BACKGROUND: The demand for a large amount of osteogenic cells required in bone tissue engineering warranted exploration of a new source of osteoprogenitor cells. Recent studies have demonstrated that adipose-derived stromal cells possess multiple differentiation capacities, including osteogenic potential, as bone marrow mesenchymal stem cells. In the present study, the authors compared the osteogenic potentials of adipose-derived stromal cells from different anatomical sites of rabbits. METHODS: Different adipose-derived stromal cells were isolated from rabbit visceral and subcutaneous adipose tissues by enzymatic digestion and in vitro differentiation into osteogenic lineage.
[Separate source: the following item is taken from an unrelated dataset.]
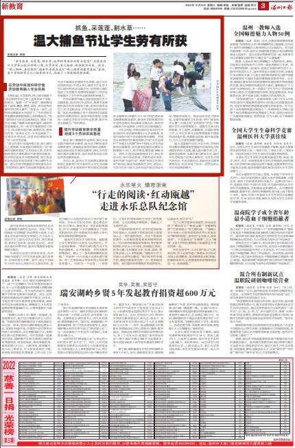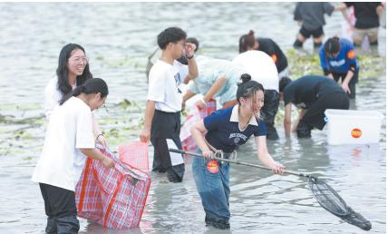 “亲手抓鱼、采莲蓬、割水草,这样的劳动活动有点意思!”坐落在温 州大学茶山校区的明心湖,水草丰茂,鱼儿畅游,荷香飘然而至。近日, “明心湖畔,鱼你相约”捕鱼节活动在银河 “明心湖劳动教育基地”启动, 各个学院的学子以小组赛的方式,体验了一场特殊的劳动课。

Osteogenic markers representing differentiation potentials of adipose-derived stromal cells from different anatomical sites were compared by biochemical and immunohistochemical assessment (n = 3). RESULTS: Fibroblast-like cells were digested from both visceral and subcutaneous adipose tissues. After exposure to osteogenic differentiation medium, visceral adipose-derived cells were found to possess greater osteogenic potentials than cells isolated from subcutaneous adipose tissues, evidenced by significantly different amounts of osteogenic markers including alkaline phosphatase, osteocalcin, and mineral deposition. CONCLUSION: This study indicates that osteogenic potentials of adipose-derived cells vary by their anatomical sites, with visceral adipose-derived cells exhibiting higher osteogenic potential than those isolated from subcutis. However, the mechanism is still unidentified.